"Configurable" has historically been used to describe the degree to which enterprise software, such as HCM systems, can readily adapt to a customer’s business and process requirements, ideally with no (or only modest) involvement from software experts or IT teams. The term will likely always have considerable value when evaluating HCM systems because, while not always top of mind with buyers, the level of configurability in applications is essential for achieving key strategic goals, such as elevating organizational agility. Configurability is the means, but when an enterprise can react or adapt to indications of potential business risks or opportunities with quick, decisive workforce actions and decisions, this is the true business opportunity in the configurability and flexibility equation. Organizational agility is one of the most reliable paths to sustaining competitive advantage. Think of the situation where a large consultancy has determined they can successfully bring a new service offering to the market. They must quickly and effectively execute a broad range of workforce-related activities including, in some cases, conducting a type of analysis or tracking some information for the first time. Their agility is clearly aided by having an adaptable HCM system.
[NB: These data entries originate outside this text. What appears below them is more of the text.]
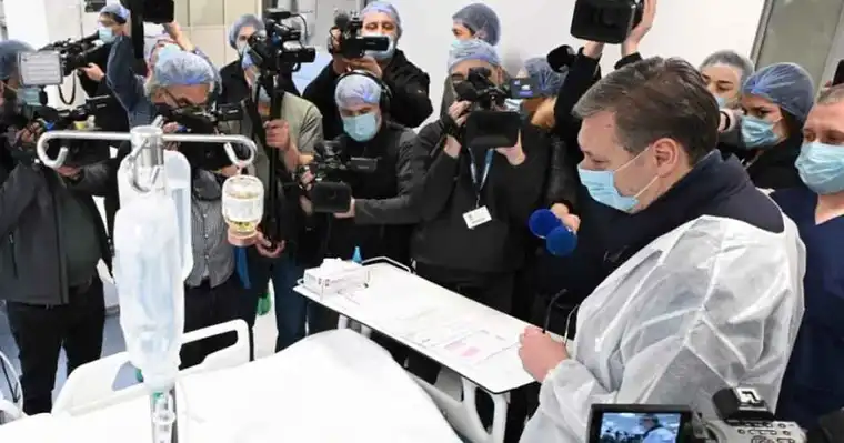 Вучиќ донесе над 20 репортери, фоторепортери и сниматели во една од собите со тешко повредени млади луѓе.
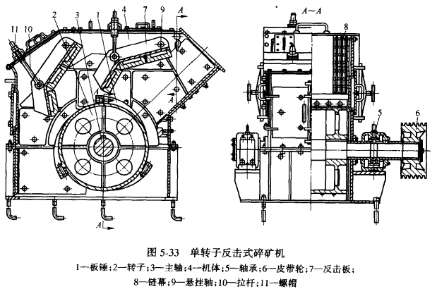 反擊式破碎機,因轉于的數目不同.分為單轉于和雙轉子兩種。單轉子反擊式破碎機的構造如圖5-33所示。
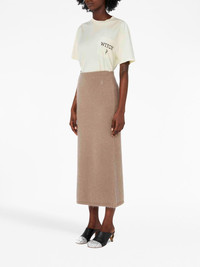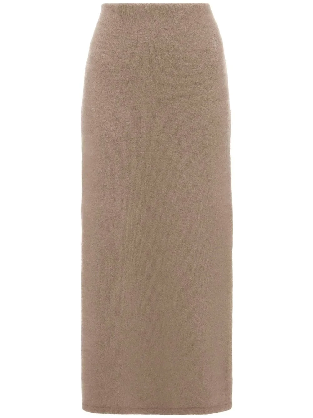 side-slit tube skirt Highlights - Beige - Mohair blend - High waist - Slip-on style - Side slit - Mid-length Imported Composition Mohair 52%, Polyamide 35%, Merino 13% SIZE & FIT Measurement HIPS 37.79 in(96 cm) LENGTH 36.61 in(93 cm) WAIST 28.34 in(72 cm) Washing instructions Read Manufacturer Guidelines

With that as context, allow me to introduce a concept I call “adaptive HCM” and define as the ability of organizations to quickly take appropriate workforce-related actions based on the presence of certain conditions or indications. These triggers are detected by HCM applications in an intelligent, automated manner based on machine learning (ML) data patterns and their implications. One example might be after a costly or disruptive mistake is made and the worker is notified about both how to correct it and how to prevent it in the future. This might involve watching a short how-to video, reading an instructional checklist or even getting some spot coaching. It is most impactful when specific guidance or a recommendation accompanies the communication, nudge or alert. Another example might be when a manager is notified of a key employee that is considered a retention risk and the system recommends certain mitigation steps.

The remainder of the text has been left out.